Meanwhile, Ianto popped the glove box, pulling out several silver blister packs. 'Hope we've got enough,' he said, counting out the retcon pills. 'Otherwise it's going to be another expensive tab at the university pub.'
'And I hate university happy hour,' Jack added, swinging the SUV around the corner and coming face to face with the crashed alien vessel. He hit the brakes and had his mask on and was out of the car before either of the other two could so much as unclip their seat belts.
Ianto reached back and held out a blister pack for her. 'Here you go,' he said, before tugging on his own mask and entering the fray.
Gwen got out of the car, mask on and pulled down the zip in her jacket pocket and slid the pills inside, feeling something else already wedged in the small leather pocket. She tugged it out to give her more space and discovered the letter she'd put in there two weeks ago.
'Gwen! C'mon!' Jack was keen for her to knuckle down and get on with the task at hand, corralling crazed citizens and looking for survivors from the crash, but all she could think about was the letter. 13 November. Today. It just had to mean something. I had been in her pocket all this time and today, on the day written on the piece of paper she'd just happened to slip her hand inside and rediscovered it. Being here and doing nothing about it was making her nervous and fidgety, despite the chaos she should have been throwing herself headlong into.
She called out loudly over the muffling from her mask. 'I'll be back in a bit!' she said, turning back to the SUV.
'Gwen!' Jack called back to her. 'Gwen!' he repeated more angrily.
She jumped in the SUV, tugged off her mask and hit the accelerator. It wasn't until she was a few hundred yards down the road that she realised she had no idea where she was going. She had a date but no location. What did that mean?
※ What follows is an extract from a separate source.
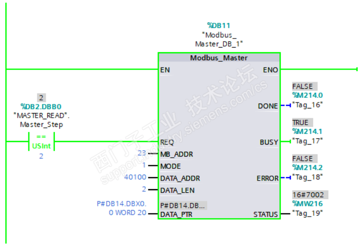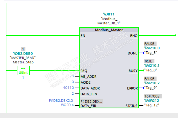 然后,通讯的时候发现,不管是单台变频还是多台变频,MODBUS_MASTER的BUSY一直都有置1。但DONE位也能够置1,STATUS位显示7000或7002。

Was she meant to be at the hub? At home? Perhaps she wasn't meant to be anywhere at all. Perhaps whatever or whoever it was would simply find her.
She worked up her options, thinking that home had to be her best bet. She spent all her time at the hub, so why would anyone try and send her a message there? The only other thing that mattered to her in the world was Rhys, and he should be at work right now, or out on the road somewhere. Her instincts told her home was a likely place to be, if she was meant to be somewhere.
When she shoved open the apartment door with far more force that was strictly necessary, she found the place empty. That was just how it should have been, of course. Rhys really was at work, not skiving off or pulling a sickie. Rhys got man flu but he never skipped work even if he could have gotten away with it.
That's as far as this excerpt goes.